2. Engine may start if it is cranked for an extended period(more than
5 seconds) or if the throttle is opened during cranking.
3. After starting and operating for a few minutes the engine runs
normally.

ACTIONS:
1. Replace the starter motor.
2. Add 1 can of nissan fuel system cleaner into fuel tank.
3. Perform ECM part number check to see if vehicle needs reprogramming.
4. Perform ECM reprogramming if needed.

PARTS INFO:
Starter motor (A/T); 23300-8J001R
Starter motor (M/T); 23300-8J011R
Nissan fuel sys cleaner; 999MP-FSC00P



That's all fine and dandy, but I took a gander at another board or two and they mentioned something about replacing the fuel pump as a whole. Anyone else got any info on this?


----------



## WATSON1 (Jul 9, 2005)

Well, I went ahead and did a search for you, since I remebered one like this from a few months ago, so try this link-
http://www.nissanforums.com/showthread.php?t=110770&highlight=REPROGRAM+ECU
Hope that's somewhat helpful, cause that's all I know. G/L


----------



## Stahi (Jun 24, 2003)

Thanks. All that was done. Went in the shop, had all that done, and it seemed to go well off the start. Until I started it up the following Saturday when the temperature was 37 degrees. Same problem. But at least this time the stallout was smooth and didn't shudder.

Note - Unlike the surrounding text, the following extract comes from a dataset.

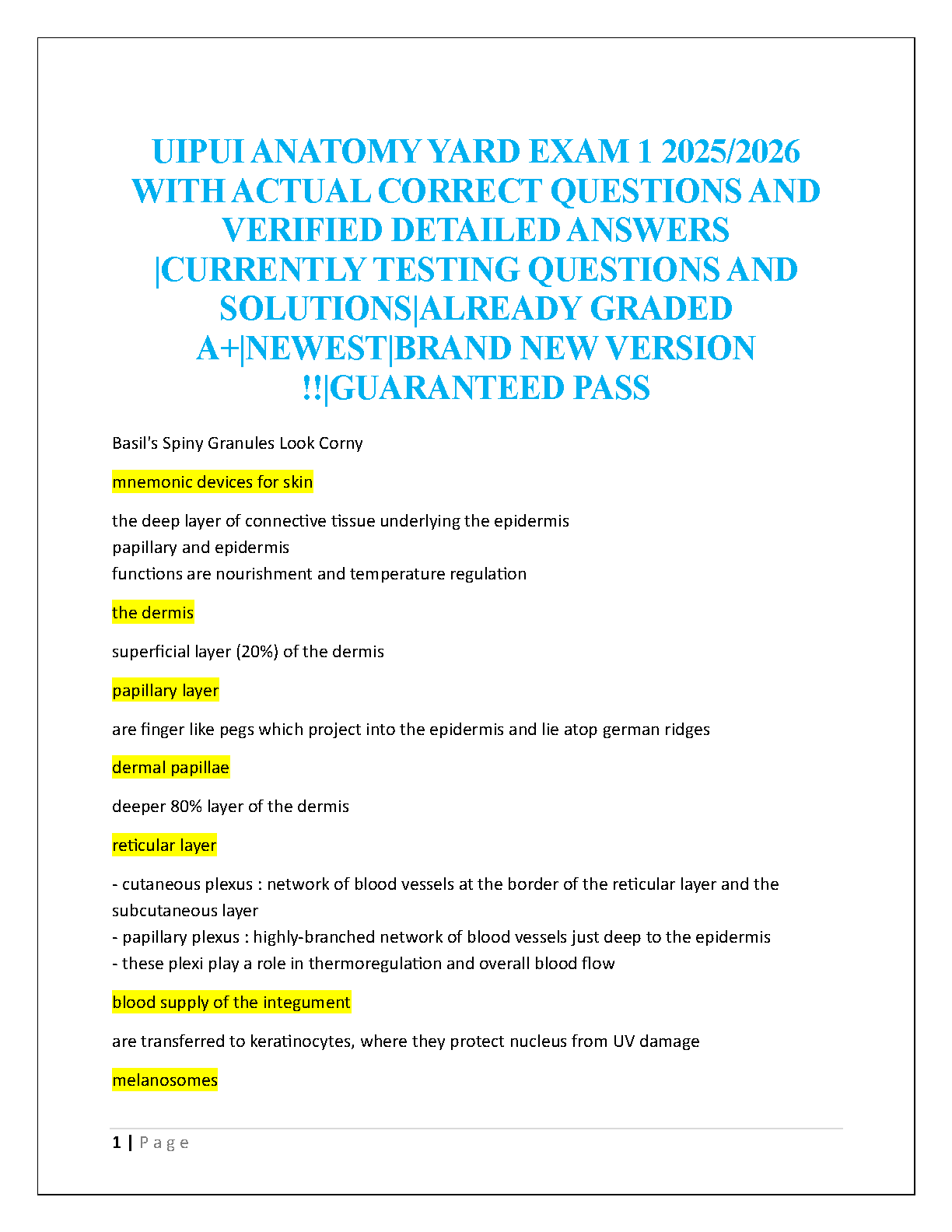 Excel in your anatomy course with the ultimate study resource for the UIPUI Anatomy Yard Exam 1. This 2025/2026 test bank is meticulously compiled with currently tested questions and verified, detailed answers to ensure you have the most accurate and relevant material. Covering key topics like the integumentary system and more, this guide provides everything you need to study effectively. Boost your learning with helpful mnemonics and gain the confidence to ace your exam. Perfect for students aiming for an A+ and a guaranteed pass on their first attempt. Download now and take the stress out of studying for your anatomy practical!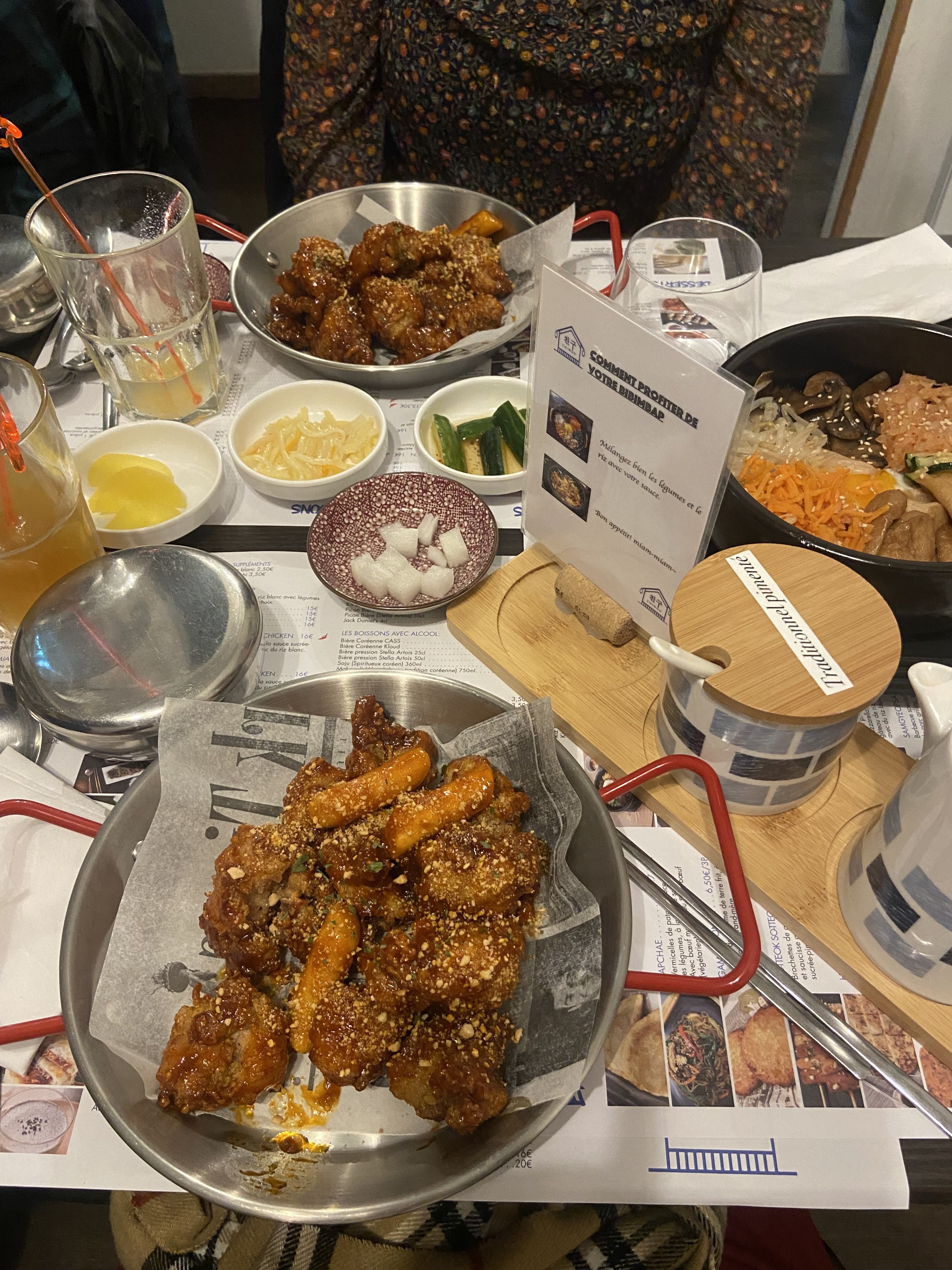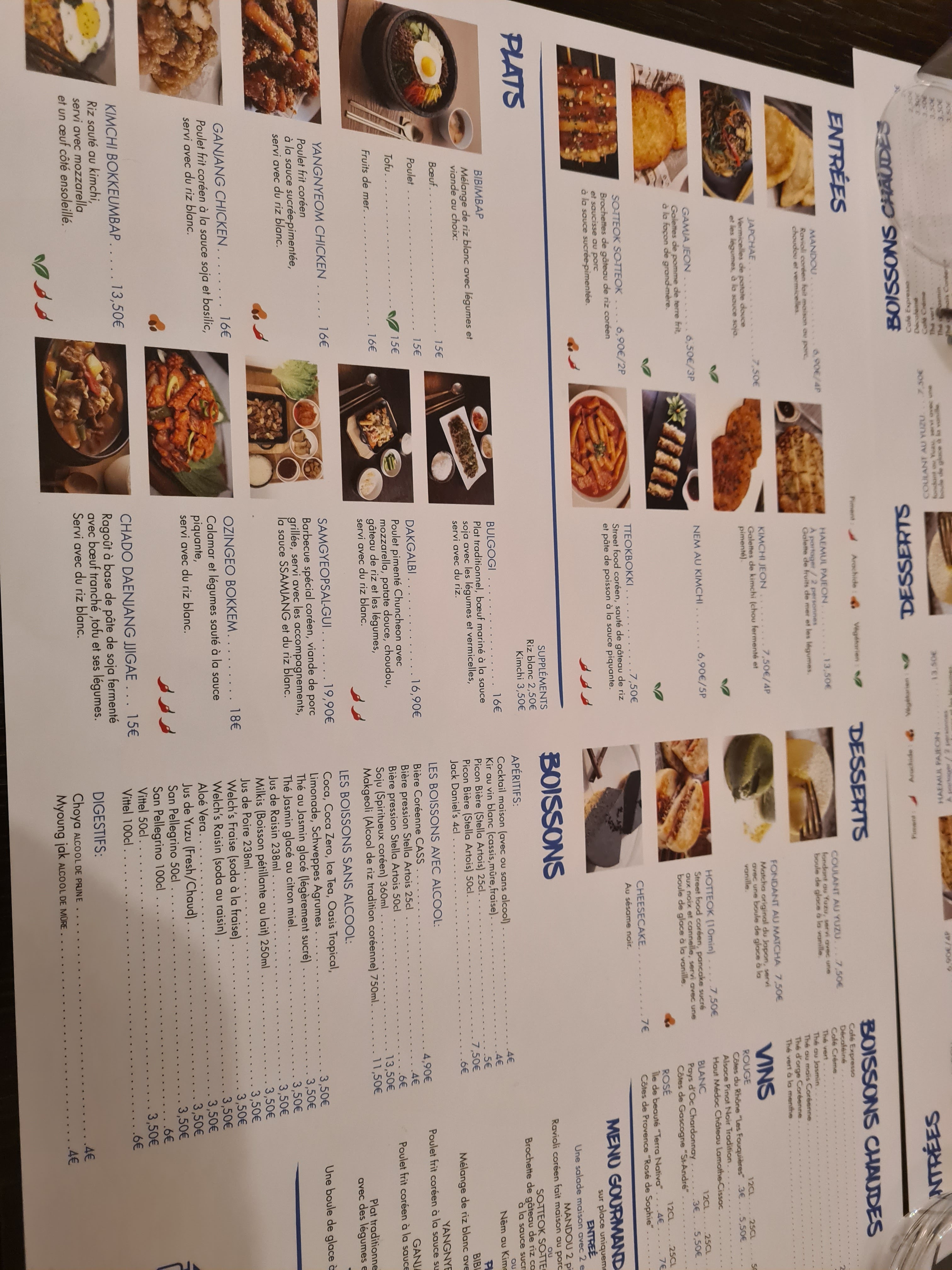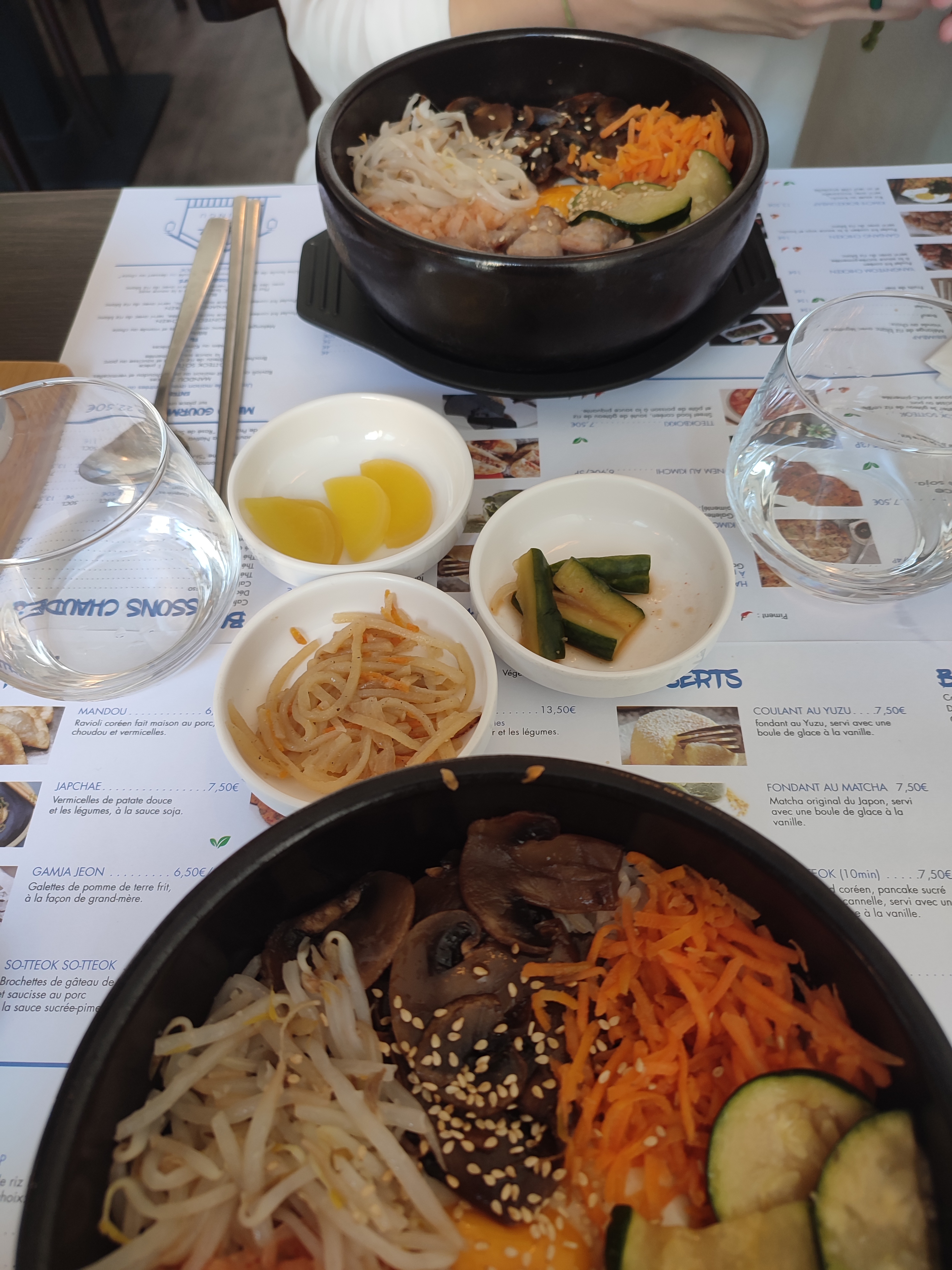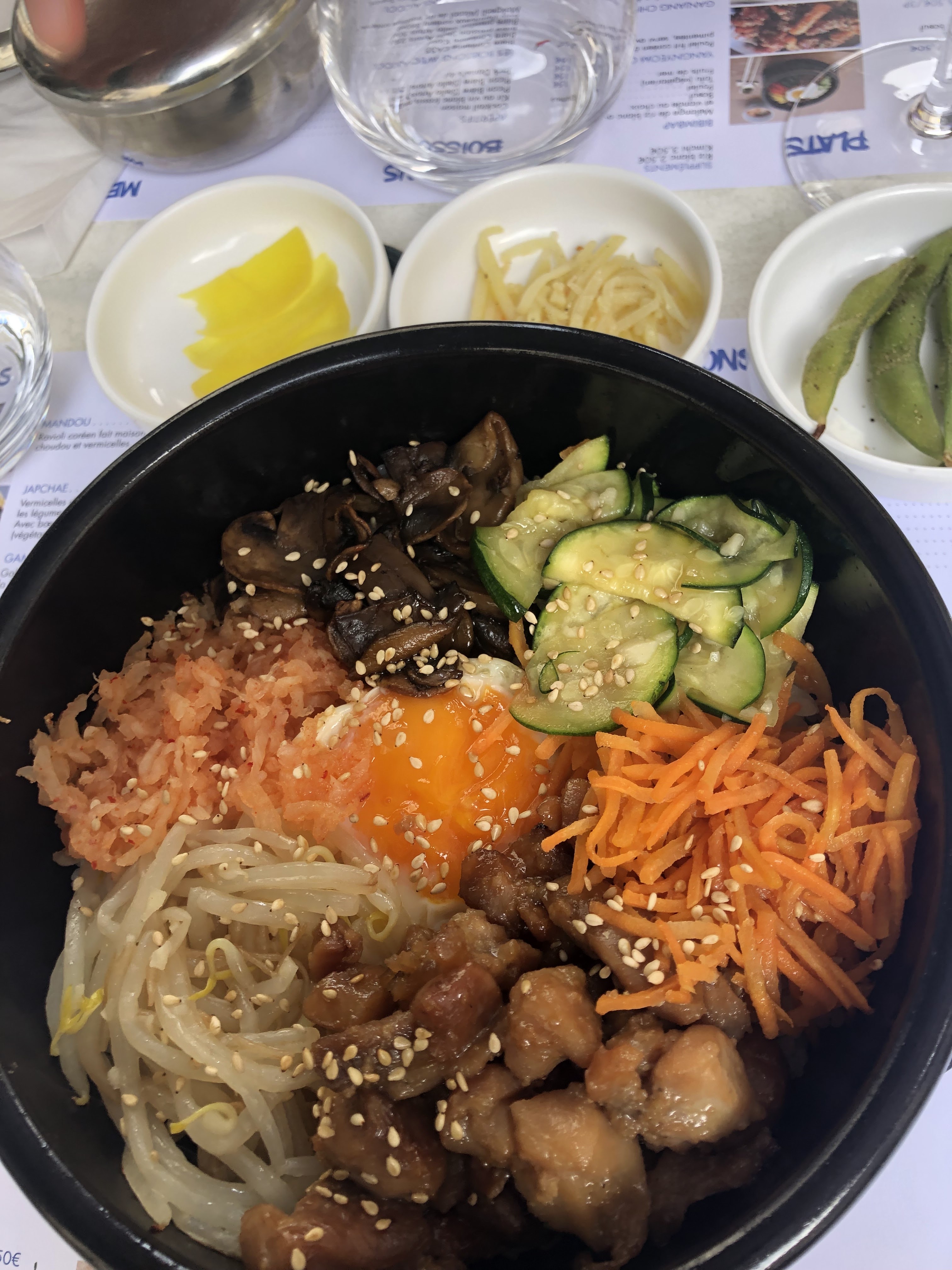 Repas délicieux ,le poulet , absolument canon ,le bibimbap,super et mon boulgogi....une tuerie . Je recommande les yeux fermés si vous aimez la vraie et bonne nourriture coréenne

Called the service guy up and he said, after talking with a tech, that in some occasions the ECU doesn't take the new program on the first try. So I need to get it in sometime for another reprogram.


----------



## WATSON1 (Jul 9, 2005)

Stahi said:


> Called the service guy up and he said, after talking with a tech, that in some occasions the ECU doesn't take the new program on the first try. So I need to get it in sometime for another reprogram.


Just make sure they don't try to charge you again, you paid for them to do it right the first time, if it doesn't work it's their fault not yours. You shouldn't be responsible if it has to be redone.


----------